### What the task requires
The answer should match the entries below word for word, minus their pictures.

### Record excerpts
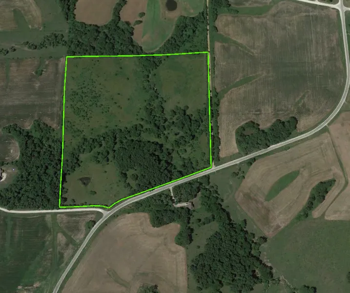 41.35 acres m/l located in Sections 1 & 12, Twp. 70, Range 11 on a hard surface road (Hwy. V64) 5 miles south of Libertyville. This tract would be ideal for a small recreational property, weekend getaway, building site. With some fence work it would make good pasture & hay ground. Rathbun water and electricity is at the road. 2 good crossings to access both sides of the creek and access from the east by a level B dirt road (Fir Ave.) wild life on property as well
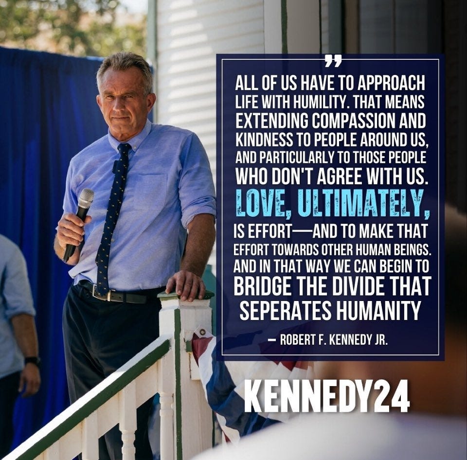 “To change the divisive nature of American politics, I’m running a civil, independent campaign focused on issues not easily identified as right or left. As President, I will pursue sensible policies that are good for ALL Americans.” – RFK Jr.
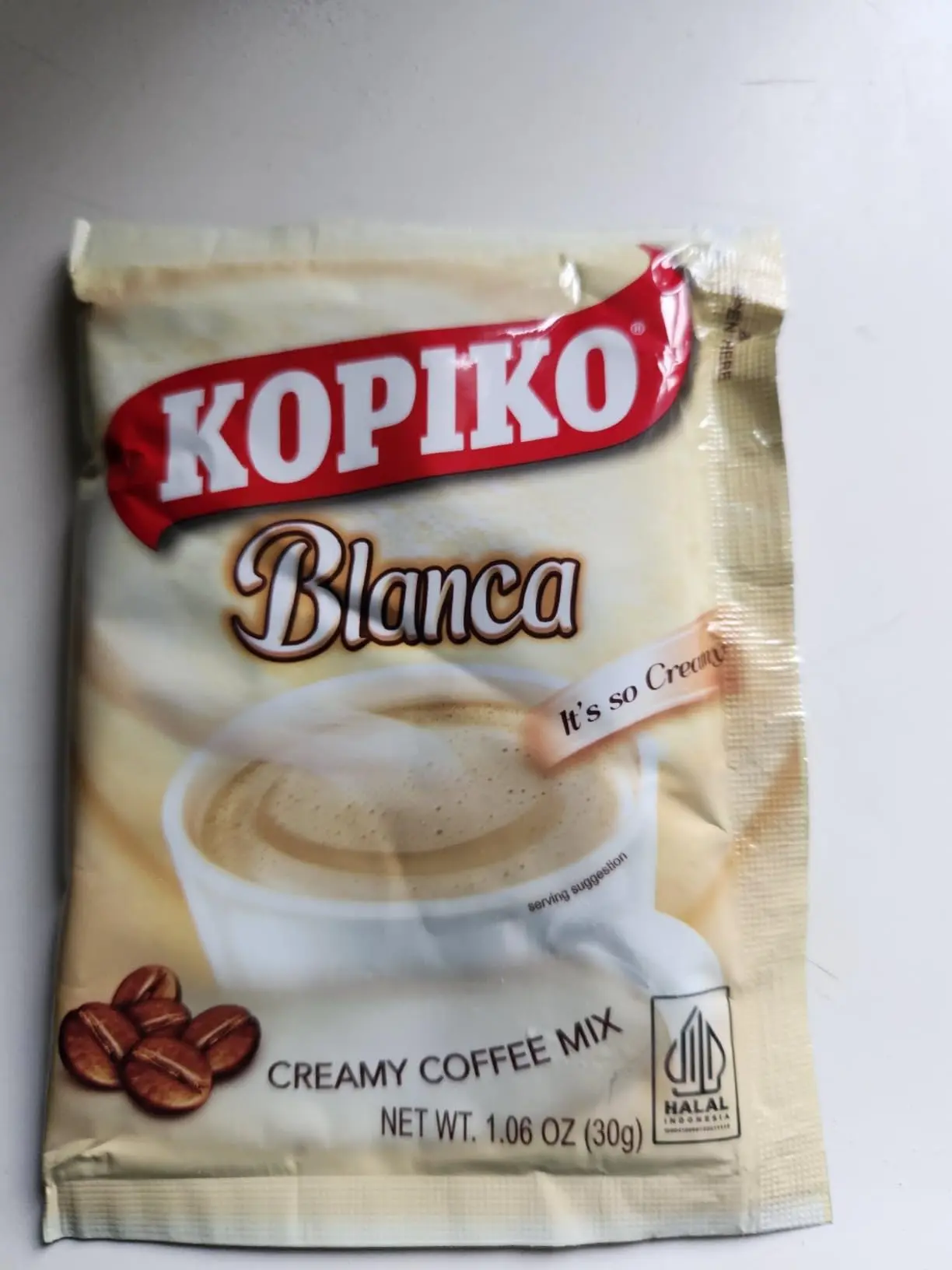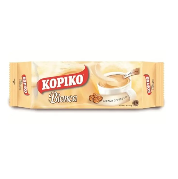 ·Pour 1 sachet of Kopiko Creamy Blanca Long Pack 3 in 1 Instant Coffee Mix into a cup. 2. Add hot water. 3. Stir well and enjoy.
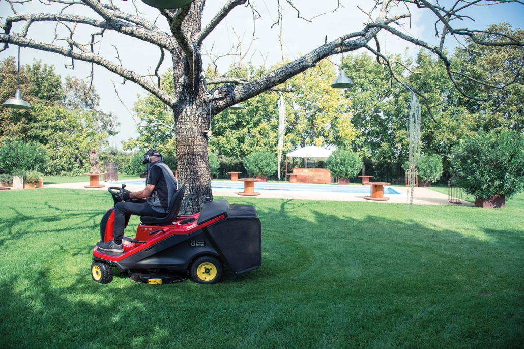 GTM обеспечивает чистый и аккуратный срез по всей ширине кошения благодаря продуманной конструкции. Расстояние между колесами соответствует ширине деки, что позволяет избежать непрокошенных полос. Плавающие ножи имеют особую форму, которая создает поток воздуха, направляющий скошенную траву в травосборник.
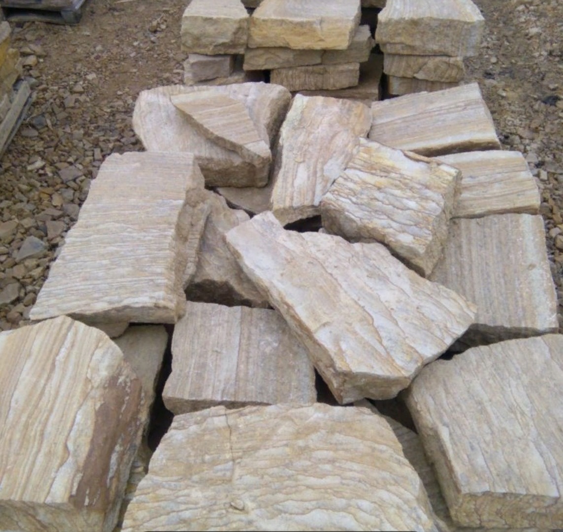 Kamenclub.ru: песчаник пластушка желтый с рисунком (7-15 см) купить в Пензе - заказать природный камень по низким ценам оптом с доставкой от производителя - kamenclub.ru

### Written reply
 41.35 acres m/l located in Sections 1 & 12, Twp. 70, Range 11 on a hard surface road (Hwy. V64) 5 miles south of Libertyville. This tract would be ideal for a small recreational property, weekend getaway, building site. With some fence work it would make good pasture & hay ground. Rathbun water and electricity is at the road. 2 good crossings to access both sides of the creek and access from the east by a level B dirt road (Fir Ave.) wild life on property as well
 “To change the divisive nature of American politics, I’m running a civil, independent campaign focused on issues not easily identified as right or left. As President, I will pursue sensible policies that are good for ALL Americans.” – RFK Jr.
 ·Pour 1 sachet of Kopiko Creamy Blanca Long Pack 3 in 1 Instant Coffee Mix into a cup. 2. Add hot water. 3. Stir well and enjoy.
 GTM обеспечивает чистый и аккуратный срез по всей ширине кошения благодаря продуманной конструкции. Расстояние между колесами соответствует ширине деки, что позволяет избежать непрокошенных полос. Плавающие ножи имеют особую форму, которая создает поток воздуха, направляющий скошенную траву в травосборник.
 Kamenclub.ru: песчаник пластушка желтый с рисунком (7-15 см) купить в Пензе - заказать природный камень по низким ценам оптом с доставкой от производителя - kamenclub.ru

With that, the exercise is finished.